BEGIN Given entries

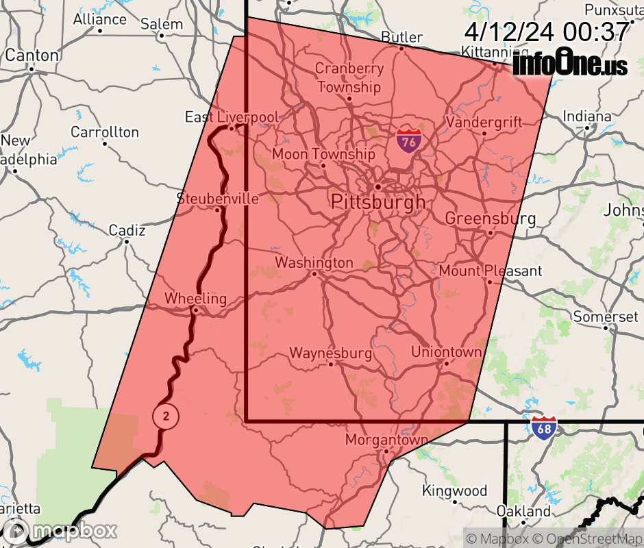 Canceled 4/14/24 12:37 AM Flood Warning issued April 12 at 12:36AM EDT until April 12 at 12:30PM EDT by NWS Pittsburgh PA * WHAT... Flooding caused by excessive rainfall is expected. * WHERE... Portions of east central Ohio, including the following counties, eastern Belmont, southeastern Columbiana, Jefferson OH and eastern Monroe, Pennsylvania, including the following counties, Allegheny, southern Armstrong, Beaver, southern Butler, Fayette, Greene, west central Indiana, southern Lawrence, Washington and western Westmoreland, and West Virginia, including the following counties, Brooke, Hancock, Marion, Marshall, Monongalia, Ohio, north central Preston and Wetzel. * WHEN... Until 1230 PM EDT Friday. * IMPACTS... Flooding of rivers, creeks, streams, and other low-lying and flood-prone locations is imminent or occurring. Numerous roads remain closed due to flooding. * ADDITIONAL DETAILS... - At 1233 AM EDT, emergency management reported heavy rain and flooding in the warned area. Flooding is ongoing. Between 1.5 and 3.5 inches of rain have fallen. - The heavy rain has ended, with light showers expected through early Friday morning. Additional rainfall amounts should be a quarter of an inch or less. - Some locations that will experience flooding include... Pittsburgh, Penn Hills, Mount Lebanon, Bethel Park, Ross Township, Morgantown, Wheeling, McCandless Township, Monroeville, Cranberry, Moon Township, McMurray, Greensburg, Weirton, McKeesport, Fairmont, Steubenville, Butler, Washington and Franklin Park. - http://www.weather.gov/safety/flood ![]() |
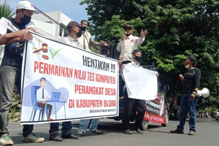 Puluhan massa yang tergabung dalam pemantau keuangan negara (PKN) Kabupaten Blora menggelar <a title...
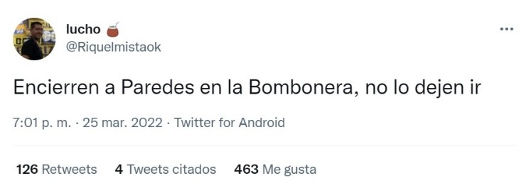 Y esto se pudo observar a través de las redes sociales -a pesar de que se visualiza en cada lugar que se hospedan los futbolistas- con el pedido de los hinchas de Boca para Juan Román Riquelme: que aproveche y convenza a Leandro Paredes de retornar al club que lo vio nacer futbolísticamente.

END Given entries
BEGIN Given entries

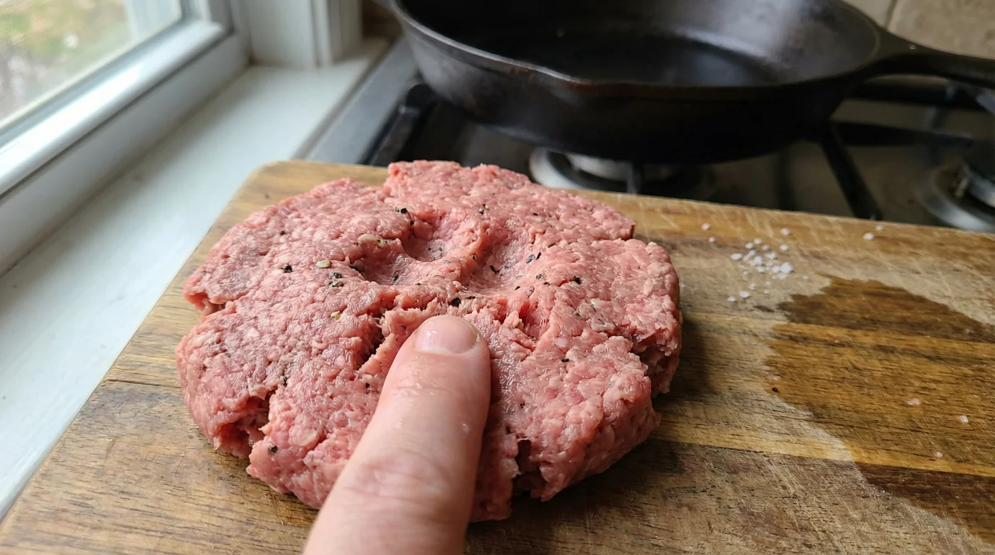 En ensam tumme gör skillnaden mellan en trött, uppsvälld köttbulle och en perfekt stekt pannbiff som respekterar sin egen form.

END Given entries
BEGIN Given entries

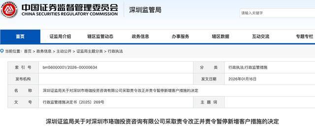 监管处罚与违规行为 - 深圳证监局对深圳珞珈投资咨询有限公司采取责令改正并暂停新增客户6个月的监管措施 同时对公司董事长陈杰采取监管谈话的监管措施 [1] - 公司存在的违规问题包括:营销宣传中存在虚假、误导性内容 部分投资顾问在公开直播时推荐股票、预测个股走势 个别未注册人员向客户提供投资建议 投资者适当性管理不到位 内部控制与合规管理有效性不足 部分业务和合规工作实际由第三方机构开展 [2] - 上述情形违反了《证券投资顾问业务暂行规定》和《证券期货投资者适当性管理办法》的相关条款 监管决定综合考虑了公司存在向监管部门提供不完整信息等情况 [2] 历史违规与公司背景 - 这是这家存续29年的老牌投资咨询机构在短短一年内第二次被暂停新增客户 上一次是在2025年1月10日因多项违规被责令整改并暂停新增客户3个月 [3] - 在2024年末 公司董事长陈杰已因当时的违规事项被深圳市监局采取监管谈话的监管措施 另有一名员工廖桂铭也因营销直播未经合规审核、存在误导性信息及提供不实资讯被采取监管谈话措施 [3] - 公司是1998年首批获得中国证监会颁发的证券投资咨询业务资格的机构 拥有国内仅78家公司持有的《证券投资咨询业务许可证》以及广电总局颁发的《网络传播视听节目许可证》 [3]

END Given entries

Instructions to follow:
Set the pictures aside and reproduce exactly the lines above, from the line holding "Puluhan massa yang" through the line holding "Y esto se pudo", both included, with nothing else.

Final answer:
 Puluhan massa yang tergabung dalam pemantau keuangan negara (PKN) Kabupaten Blora menggelar <a title...
 Y esto se pudo observar a través de las redes sociales -a pesar de que se visualiza en cada lugar que se hospedan los futbolistas- con el pedido de los hinchas de Boca para Juan Román Riquelme: que aproveche y convenza a Leandro Paredes de retornar al club que lo vio nacer futbolísticamente.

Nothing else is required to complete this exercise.